Gladwell acquaints us with the specific identities of new thoughts and patterns, and the general population who are influenced by almost any information they hear. He examines trends, habits such as smoking, youngsters’ TV, standard mail, and the beginning of the American Revolution, and visits religious communities, a fruitful innovation organization, and one of the world’s most prominent sales representatives.
“When people are overwhelmed with information and develop immunity to traditional forms of communication, they turn instead for advice and information to the people in their lives whom they respect, admire, and trust. The cure for immunity is finding Mavens, Connectors, and Salesmen.”
These sorts of individuals are communicators (individuals who know basically everybody), experts (individuals who know basically everything), and business people. Now and again, we believe that when we want to spread a thought far and wide we should figure out how to get it to as many individuals as we can – much like spam. Gladwell changes our perspective on this, proving that the process of selling is much simpler than its complexities suggest. You don’t need to prove to everyone how perfect your product or service is. The trick is not in the quantity but in the quality.

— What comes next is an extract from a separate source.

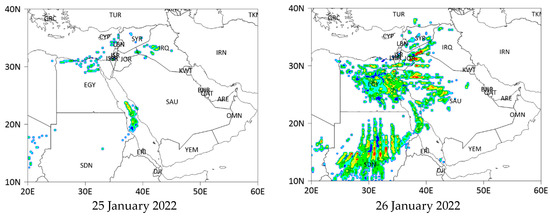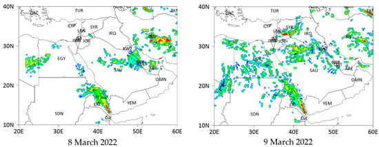 The HYSPLIT dust storm prediction results obtained using the validated model options for the period between 25–30 January 2022, are illustrated in Figure 10. Dust concentrations are relatively low across the Arabian Peninsula at the release start date of 8 March 2022. The central and eastern regions of Saudi Arabia, Libya, and Egypt are not significantly affected, with only minor dust activity detected. In contrast, dust injection areas in Central Iran experience significant dust loads. On 9 March, the dust storm intensifies slightly, particularly in northern Saudi Arabia. The dust storm’s impact on the eastern region of Saudi Arabia is not severe, although some elevated concentrations are observed further north. Dust concentrations increase toward the north and northeast of the domain in regions like Iraq and Syria.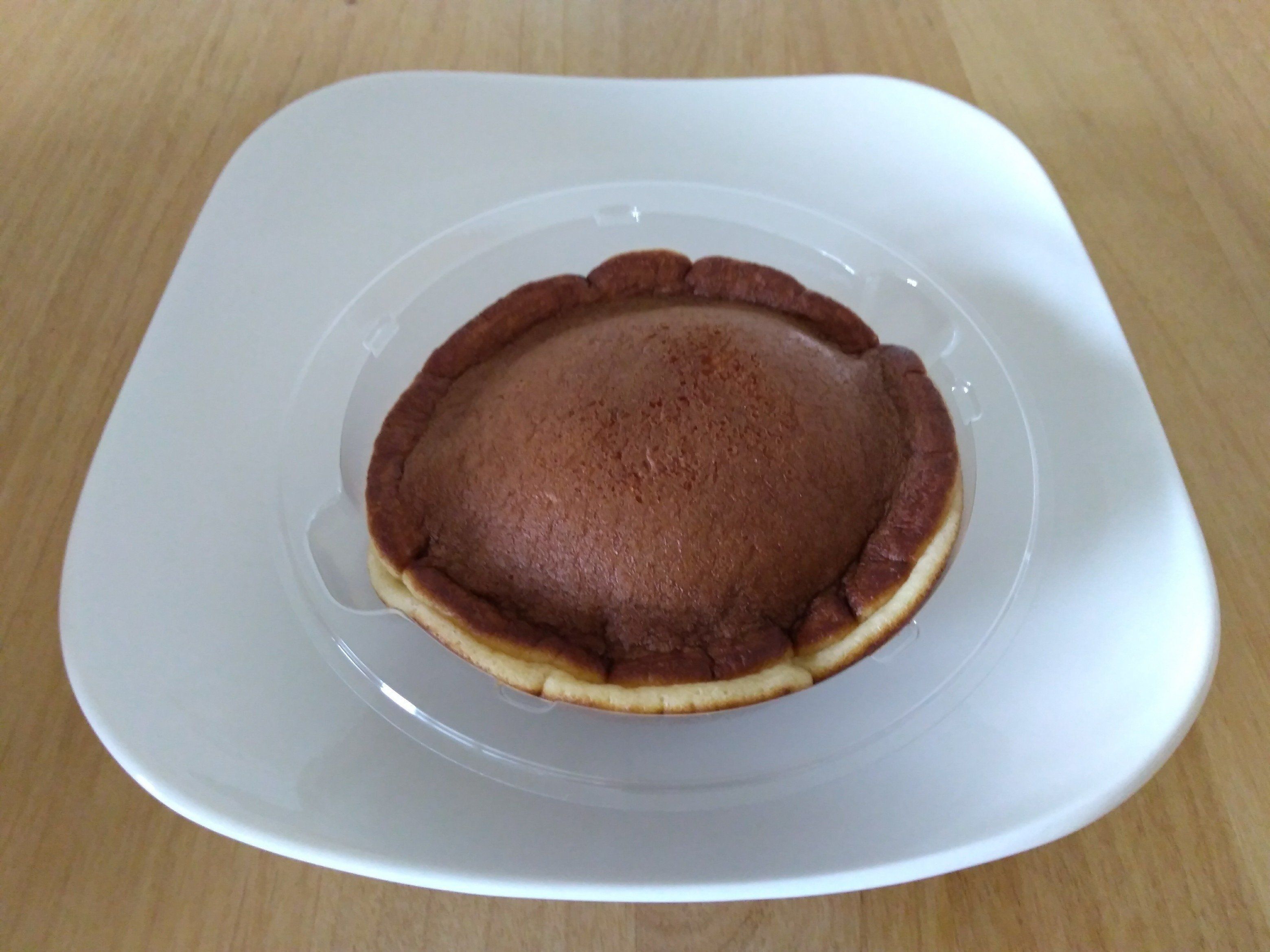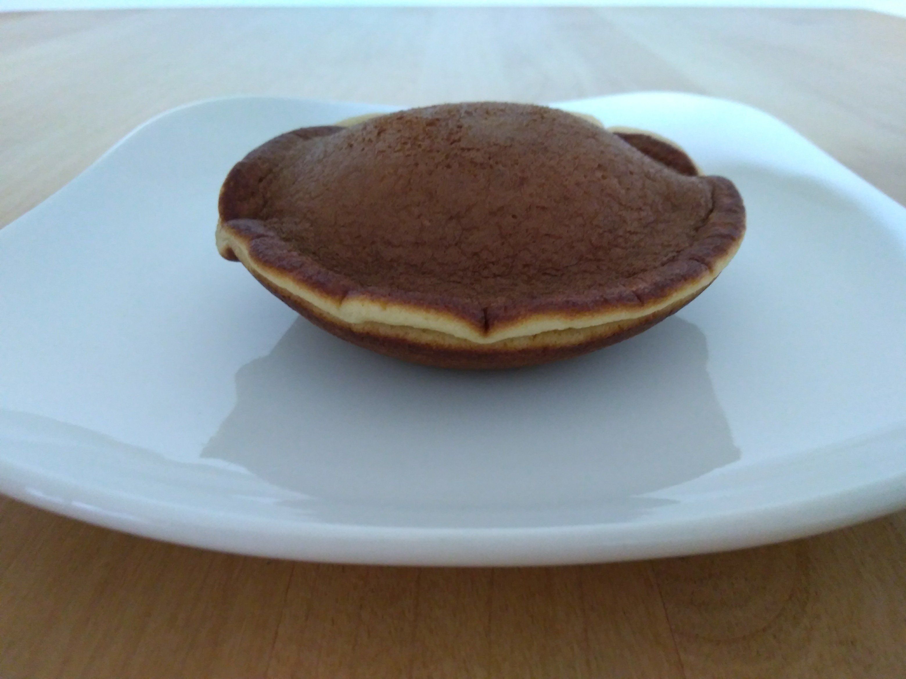 ケースから取り出すと、どら焼きらしい鈴の形。手に持つと、しっとり感と、中身がギュッと詰まったどっしり感を感じます。この中にプリンとマロンが入っているんですね~!

“If you want to bring a fundamental change in people’s belief and behavior…you need to create a community around them, where those new beliefs can be practiced and expressed and nurtured.”
Just Babies: the Origins of Good and Evil by Paul Bloom
Cognitive scientists contend that an awareness of evil and good is deep in our bones.
From historical figures such as John Locke all the way to Sigmund Freud, people have believed that we start life as clean slates. A large number of us underestimate that infants also have egos, and that they are also a part of society just as much as their guardians, who can change their babies from little sociopaths into acculturated creatures. In Just Babies, Paul Bloom contends that babies judge their surroundings and others’ activities; feel sympathy and empathy; act to help those in trouble; and have a sense of justice.
Marsh recounts an anecdote about a psychopath who was being tested with a series of pictures and who failed over and over again to recognize fearful expressions, until finally she figured it out: “That’s the look people get right before I stab them.”
Still, the natural quality is constrained, at times tragically. We normally feel hostile towards outsiders, inclined to bigotry. Uniting bits of knowledge from psychological research, behavioral economy, and philosophy, the author investigates how we have come to outperform these constraints. Bloom analyzes vicious maniacs, religious radicals, and Ivy League teachers, and investigates our frequently perplexing positive sentiments about sex, religion, governmental issues, and race.
“For instance, most everyone agrees that a just society promotes equality among its citizens, but blood is spilled over what sort of equality is morally preferable: equality of opportunity or equality of outcome.”
In his examination of the ethical quality of youngsters and grown-ups, Bloom rejects the view that our ethical choices are driven principally by premonitions. Similarly, as reason has driven our morality, he contends, it is reason that makes decisions with respect to our ethical revelations.
Eventually, it is through our creative ability, our empathy, and our human limited capacity to discern that we can rise above the primitive feeling of ethical awareness we were conceived with, ending up as something other than babies.